Но мама вышла сама, почуяв в прихожей какое-то замешательство. Дедушка прямо через порог повалился перед ней на колени.

— Спасите… — заплакал он, — спасите жизнь этому невинному ребенку! Я прошу вас, спрячьте ее, а я уйду…

Девочка улыбнулась и в смущенье прильнула к застывшему в земном поклоне деду. Мама вскрикнула, наклонилась и схватила дедушку за плечи. Но ей не под силу было его поднять, и она сама упала перед ним на колени, заливаясь слезами:

— Встаньте… встаньте… Прошу вас… Что вы… умоляю… не плачьте… кто вы такой?..

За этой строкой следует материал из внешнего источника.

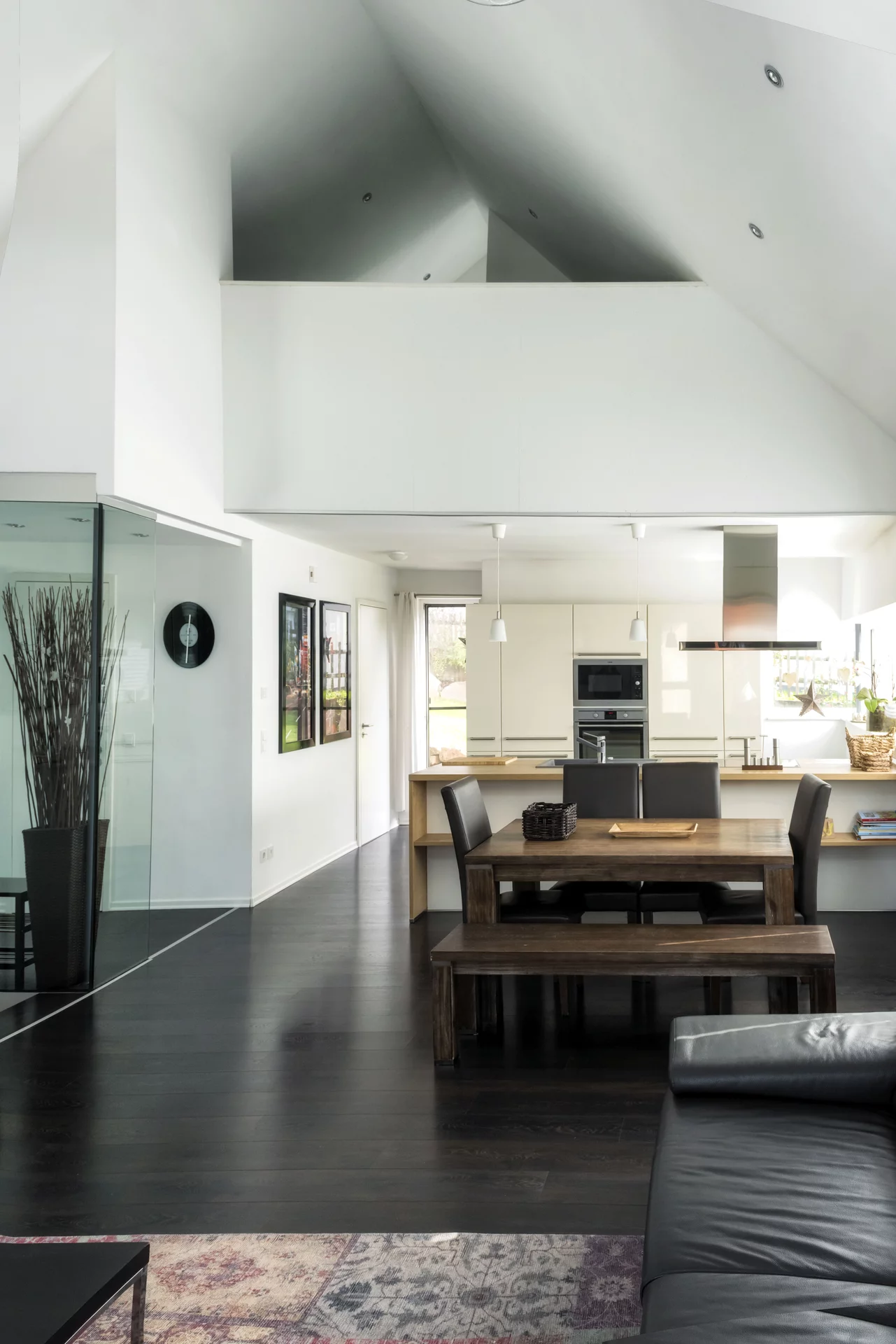 Das Herzstück des Anbaus ist ein offener Grundriss, der viel Raum, Licht und Weite schafft. Gleichzeitig überzeugt die Bauweise durch ihre ökologische Verantwortung: Der aufgeständerte Anbau in Holzbauweise mit Zellulosedämmung reduziert den ökologischen Fußabdruck und steht für nachhaltiges Wohnen im Einklang mit der Natur.
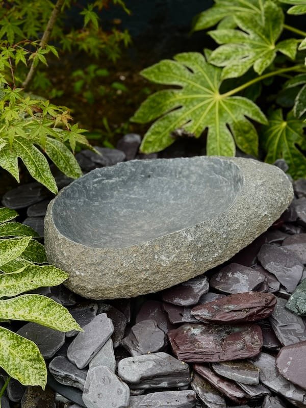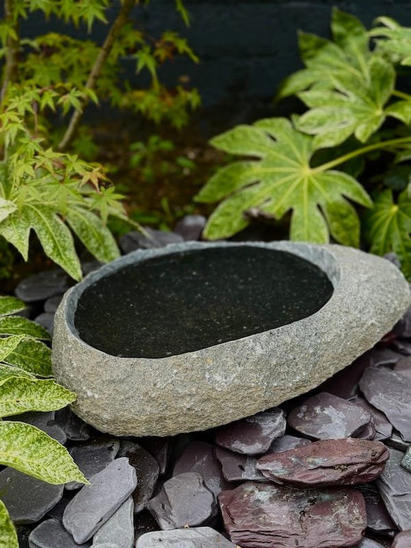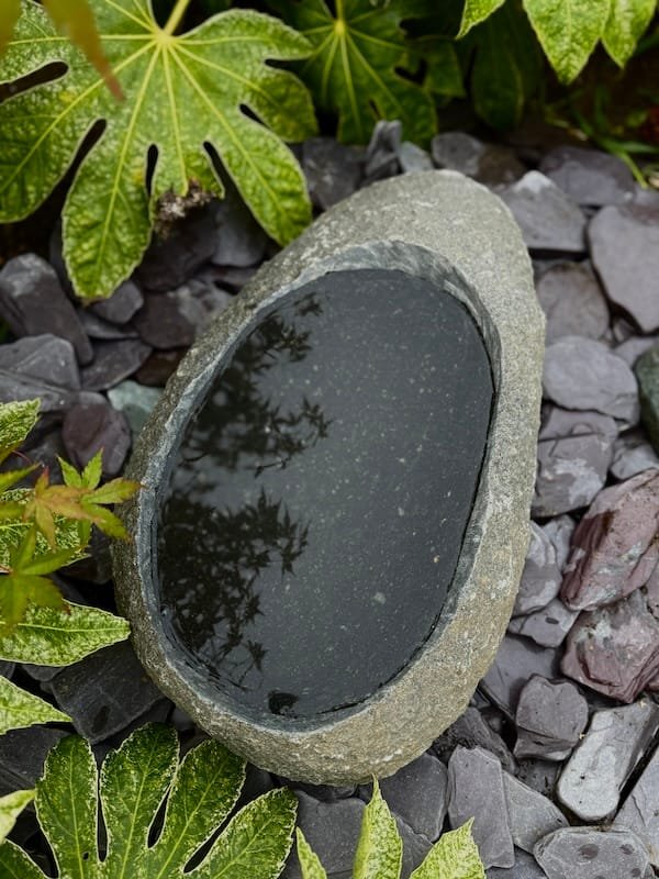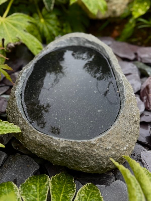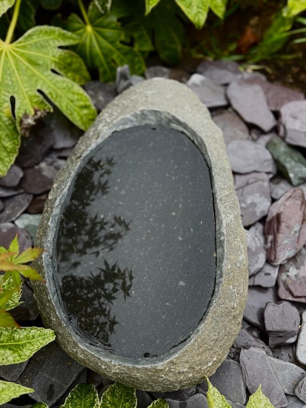 Stone Bowl Bird Bath SBB26 is a Medium sized bowl carved from Grey Granite. Rounded, with some stunning features and contours. Measuring 480mm long x 280mm wide x 120mm high. Weighing in at only 18kg makes this manageable and easy to move. The top has smooth, natural edges and a shallow bowl for retaining water and encouraging birds to an outdoor space. Clear reflections can be seen glistening over the clear water. This garden bird bath will suit both a traditional and contemporary garden design because while it retains natural earthy colour tones it also has a modern feel to it. It could also work to bring some contrast as a feature stone in a more traditional setting. Can also be used as a water bowl or vessel in a Japanese Garden Design. A bamboo spout could be added to drop water into the centre of the bowl and create a different style water feature. Please check the gallery carefully as the photos of Stone Bowl Bird Bath SBB26 show the high level of detailing within this piece. The bird bath was photographed dry, so will darken slightly when wet. The inner bowl has been delicately polished to give a rounded feel. Increase the biodiversity of your own garden instantly with this unique stone bird bath. This stone bowl bird bath design is very safe and sturdy unlike many stone bird baths which are in two seperate parts. Pictures are of the exact piece you will receive. Stone Bowl Bird Bath SBB26 is very similar in style to Stone Bird Bath SBB17. We have more large blocks in the yard suitable for stone bird baths. Can also be converted into a fully functioning water feature by core drilling centrally through the boulder from top to bottom at extra cost. Stone boulders of this size and shape are increasingly difficult to source in the quarry. Contact us with your requirements. See a short video on our youtube channel.

Юра, Олег и Маруся громко заревели. Девочка удивленно посмотрела на них и тоже заплакала. Дед поднял голову, и теперь, когда его освещала лампа, было видно, что борода у него совсем и не розовая, а просто белая, совершенно белая. Эго зарево покрасило ее в розовый цвет.

Деда с девочкой мама отвела в заднюю комнату, окна которой выходили в сад. Мать Фирочки и Фирочкиного отца только что убили погромщики.

— Потушите лампу! — вдруг закричала Фекла от окна. — Смотрите! Они идут сюда!

Мама потушила лампу, и все подбежали к окну.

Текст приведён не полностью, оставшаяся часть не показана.